Шрифт:
Интервал:
Закладка:
Салах, сам того не осознавая, домешивал в свою речь всё больше родного диалекта, и Стефано изо всех сил вслушивался, стараясь не упустить ничего.
– Люди показали на него… Соседи. С некоторыми из них он не раз пил чай и играл в нарды. Сказали, что он не признает Махди, что оспаривает его проповеди и…
Салах подхватил стаканчик, но вместо того, чтобы вертеть его в руке, как обычно, сжал так, что Стефано готов был услышать хруст стекла.
– В тот день убили троих, считая его, – сказал он всё тем же бесцветным, будничным голосом, – я знаю, что искали и меня. Они хотели, чтобы я произнёс баят[4] Махди и отрёкся от отца. Они меня не нашли, но…
Он замолчал.
– Ты поэтому не веришь махдистам? – решился спросить Стефано, просто чтобы как-то нарушить молчание, и Салах поднял на него взгляд.
Его широко посаженные, цвета густого кофе глаза были сухи, но Стефано почудилось, что где-то за их пеленой не пролившиеся слёзы. Слёзы мальчишки, которому не дали даже оплакать отца.
– Я много видел, – Салах не ответил на вопрос прямо, – большую часть жизни я скитался по миру. Видел, как они создавали этот свой Халифат, поездил по нему, от Рабата до Бейрута. Да и не только по Халифату – знаешь, в молодости даже до Котону доехал однажды, как раз когда там всё вверх пошло. Полгода проработал на стройке, но не прижился. Муравейник… Тегеран ещё видел. Ну да я не об этом. Я видел, как они строят своё Государство Закона. Здесь нет ислама, как меня ему учил отец. Лицемерие и фальшь во всём. Такого поругания слов Пророка, как от гиен с чёрными перстнями на мизинцах, мир ещё не знал. Так что, Ситифан, я тебе прямо говорю – не возвращайся на Остров. Там сейчас всем придётся несладко – и мусульманам, и особенно назрани.
– Но нельзя просто сбежать, – вырвалось у Стефано, – там мои друзья и даже родичи. Они же опять начнут войну! Неужели нельзя ничего сделать?

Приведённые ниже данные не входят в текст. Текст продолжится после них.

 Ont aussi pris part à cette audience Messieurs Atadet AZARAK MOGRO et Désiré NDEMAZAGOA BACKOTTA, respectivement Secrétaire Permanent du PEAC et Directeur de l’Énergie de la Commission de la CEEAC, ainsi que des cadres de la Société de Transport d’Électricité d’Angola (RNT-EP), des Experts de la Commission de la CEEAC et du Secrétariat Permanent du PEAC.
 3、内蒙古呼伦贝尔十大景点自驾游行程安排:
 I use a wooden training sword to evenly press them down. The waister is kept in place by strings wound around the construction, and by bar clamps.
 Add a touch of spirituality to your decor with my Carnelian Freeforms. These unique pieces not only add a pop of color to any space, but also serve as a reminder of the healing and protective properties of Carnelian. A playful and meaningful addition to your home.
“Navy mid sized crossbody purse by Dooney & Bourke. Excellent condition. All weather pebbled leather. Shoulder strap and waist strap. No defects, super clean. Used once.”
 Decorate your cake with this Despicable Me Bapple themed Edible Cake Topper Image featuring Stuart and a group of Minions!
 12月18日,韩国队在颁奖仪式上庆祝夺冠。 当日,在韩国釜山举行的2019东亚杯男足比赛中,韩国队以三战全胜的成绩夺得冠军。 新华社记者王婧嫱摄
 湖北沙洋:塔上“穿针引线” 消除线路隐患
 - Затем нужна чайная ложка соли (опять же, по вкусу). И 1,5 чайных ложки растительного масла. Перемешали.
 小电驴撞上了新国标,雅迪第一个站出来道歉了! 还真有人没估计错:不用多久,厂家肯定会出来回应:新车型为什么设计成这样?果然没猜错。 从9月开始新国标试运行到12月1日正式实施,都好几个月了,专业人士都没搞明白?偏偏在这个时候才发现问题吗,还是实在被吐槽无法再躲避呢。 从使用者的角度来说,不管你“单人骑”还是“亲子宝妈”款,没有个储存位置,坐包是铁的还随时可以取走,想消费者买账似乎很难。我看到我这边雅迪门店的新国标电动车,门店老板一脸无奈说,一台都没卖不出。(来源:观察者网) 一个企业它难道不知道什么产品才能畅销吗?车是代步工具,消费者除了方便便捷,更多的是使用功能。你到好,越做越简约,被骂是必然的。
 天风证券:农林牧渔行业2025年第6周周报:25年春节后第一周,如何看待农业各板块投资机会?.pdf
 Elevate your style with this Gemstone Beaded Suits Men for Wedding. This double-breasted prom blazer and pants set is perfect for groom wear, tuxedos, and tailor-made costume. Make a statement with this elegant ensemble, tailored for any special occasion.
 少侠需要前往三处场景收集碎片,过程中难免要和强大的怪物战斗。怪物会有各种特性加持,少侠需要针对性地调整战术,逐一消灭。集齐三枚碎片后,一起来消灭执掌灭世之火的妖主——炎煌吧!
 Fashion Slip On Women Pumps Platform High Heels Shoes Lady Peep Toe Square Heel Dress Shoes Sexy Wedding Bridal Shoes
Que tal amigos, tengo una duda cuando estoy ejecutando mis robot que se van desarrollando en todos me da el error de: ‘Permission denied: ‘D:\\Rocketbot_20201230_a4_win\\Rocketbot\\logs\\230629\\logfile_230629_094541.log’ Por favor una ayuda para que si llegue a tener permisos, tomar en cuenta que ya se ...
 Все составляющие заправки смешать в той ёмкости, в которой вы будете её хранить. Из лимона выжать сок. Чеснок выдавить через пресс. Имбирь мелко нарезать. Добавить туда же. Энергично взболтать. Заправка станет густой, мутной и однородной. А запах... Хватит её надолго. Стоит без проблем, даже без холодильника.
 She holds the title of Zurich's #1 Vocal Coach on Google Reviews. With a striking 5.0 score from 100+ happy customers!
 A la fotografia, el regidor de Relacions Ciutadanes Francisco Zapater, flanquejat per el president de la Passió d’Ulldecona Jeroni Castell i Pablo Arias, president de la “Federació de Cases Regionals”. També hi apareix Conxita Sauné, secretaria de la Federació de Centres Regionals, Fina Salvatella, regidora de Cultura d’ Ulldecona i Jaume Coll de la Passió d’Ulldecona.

– Войну, думаю, начать не смогут, – покачал головой Салах, – эти люди большие только для нашего вилайета. Всё решают там, – он неопределённо махнул рукой куда-то назад, – в Алжире. Если решат воевать, то там. Людям вроде нас нужно просто следить, чтобы взбесившийся слон на тебя случайно не наступил. Потому и надо сбежать – для начала, думаю, в Сус. Там у меня друзья, я знаю, как нам всем затеряться.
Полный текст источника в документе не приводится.